Discussing a proposed Senate bill that would reverse the Hobby Lobby decision, Harry Reid announced that the Senate is acting to “ensure that women’s lives are not determined by virtue of five white men.”
This is significant for a couple reasons. First is the glaringly obvious fact that Clarence Thomas is black. Harry Reid is either misinformed or legally blind. Or, more likely, he thinks that Clarence Thomas is not a “real” African American because he is not liberal. The left has a tendency to celebrate diversity only when minorities subscribe to their ideology.
Next and more significant is the idea that men should not have an input in decisions affecting women. This idea is becoming dangerously widespread, even on the right. Recently, when talking to a male friend about feminist attempts to lower the burden of proof in rape cases, he said that he didn’t want to weigh in because he is not a woman and has never been raped.

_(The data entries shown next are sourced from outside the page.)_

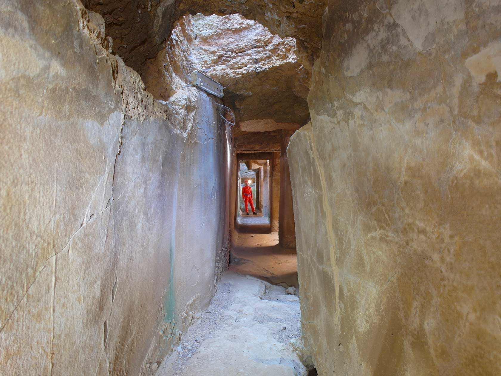 Due cunicoli, alti m1 e larghi m0,75, si aprono nella parete orientale di quest’ambiente di forma quadrata: essi hanno il letto più ribassato rispetto alla cavità-cisterna e sfociano all’aperto.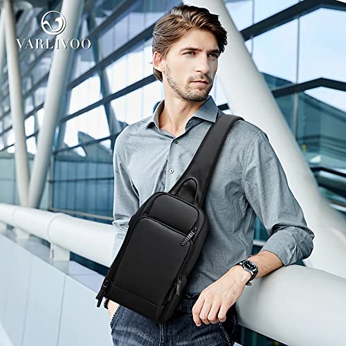 VARLIVOO Moda Zaino Monospalla da Uomo Borse a Spalla Sling Bag con USB Port Crossbody Bag Multi Tasche Sling Backpack Affare Viaggio Escursionismo Impermeabile Poliestere Nero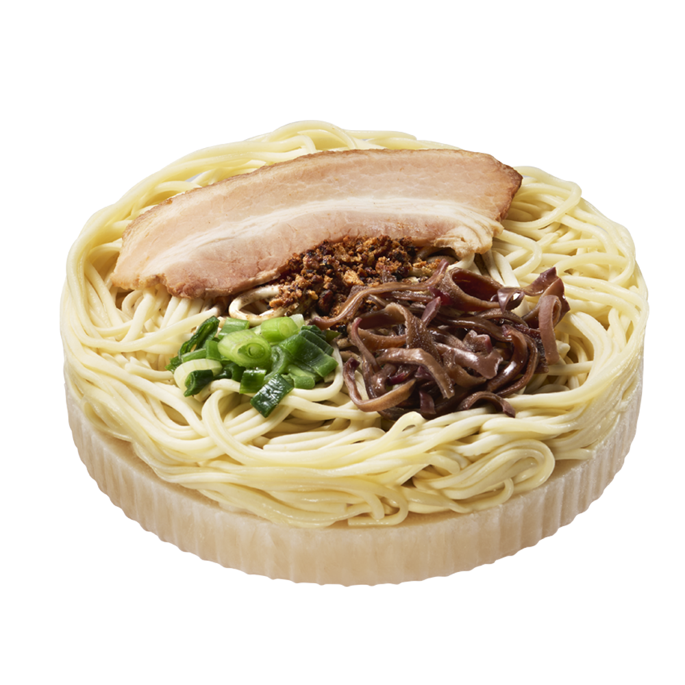 ストレートスープ、麺、具材を三層構造にして凍らせているので、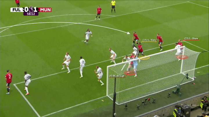 当姆伯莫将内旋角球开向后点时,卢克-肖在那个区域牵制住了富勒姆的区域防守球员罗德里戈-穆里斯。相应地,约罗在目标区域内与巴锡形成一对一。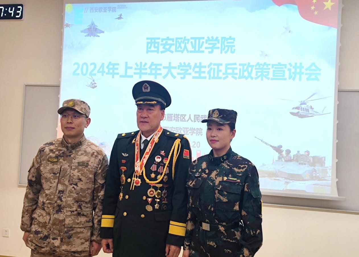 下午2:30,征兵政策宣讲会在热烈的掌声中正式开始,强建旗副主任代表sunbet申慱官网致辞。他向西安市雁塔区人民武装部长期以来对学校大学生征兵工作的支持和帮助,表示了衷心的感谢。“感谢战斗英雄马升云同志到场。同时也希望广大同学们,抓住机遇,积极响应国家号召,投身军营报效祖国, 让青春在军营的历练中、在为祖国的奉献中发光、发亮。”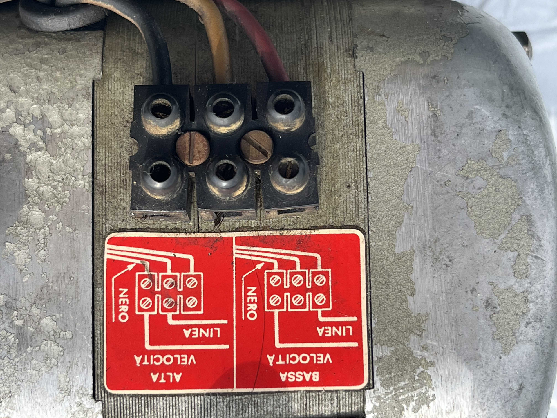 Attenzione motore nativo con alimentazione Volt 160 risalente anni 60 quindi necessita di un trasformatore acquistabile anche in rete, forniamo gratuitamente quello con cui ha lavorato in questi anni.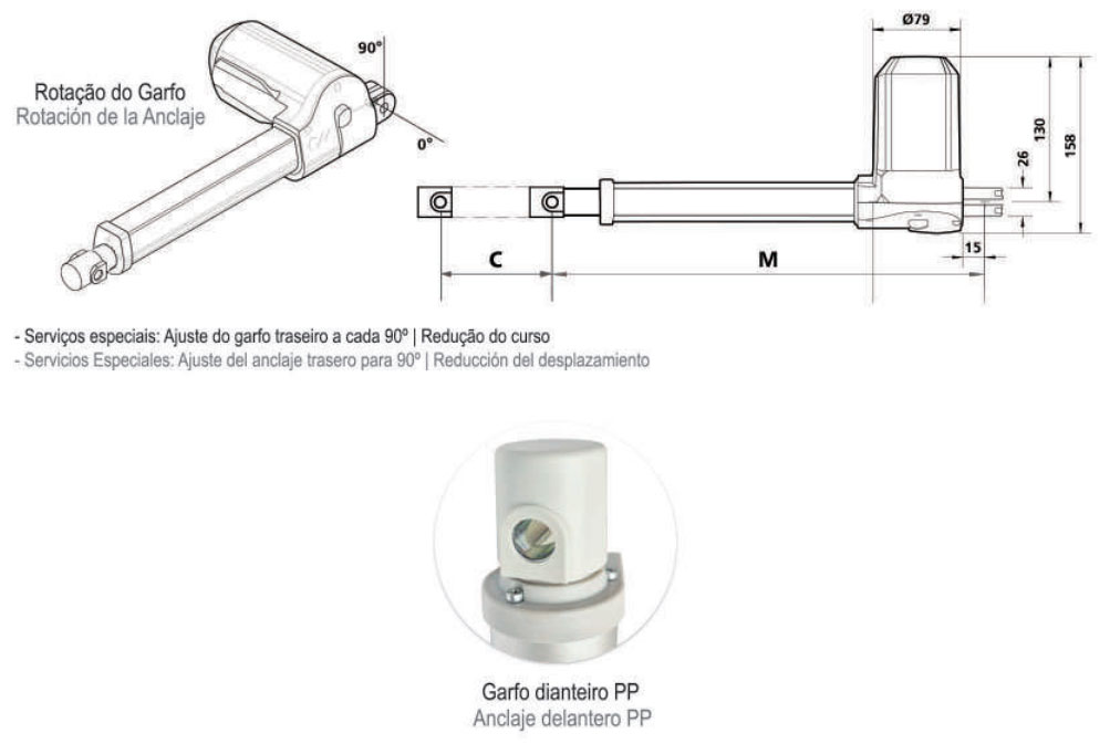 | Garfo traseiro Ø 10 x 5 mm | Ciclo de operação: 1 / 8 min |
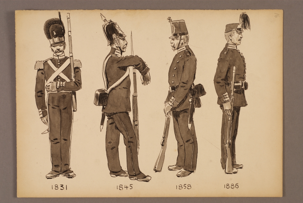 Plansch med uniform för Andra livgrenadjärregementet för åren 1831-1886, ritad av Einar von Strokirch.

John Fonte argues in National Review that identity politics and group focus are crucial pieces of the new progressive movement:
Today’s progressivism seeks to create a new group-based “social topography” in which previously subordinated groups (minorities, women, etc.) first obtain parity (equal representation for groups as groups) and then achieve “cultural inclusion” — meaning that group-based norms and values trump universal standards.
Instead of the Tocquevillian idea of viewing the world in terms of the individual and the state, modern progressives see the world as groups and the state. Instead of pursuing individual equality, they pursue group equality at the expense of civil society.
This often begins when activists, claiming to represent marginalized groups, argue that people who are not within the group cannot make decisions that affect the group. Group-based norms begin to challenge universal standards.
So men, please express your opinions about “women’s issues.” I would rather be offended than play into identity politics and subjectivism.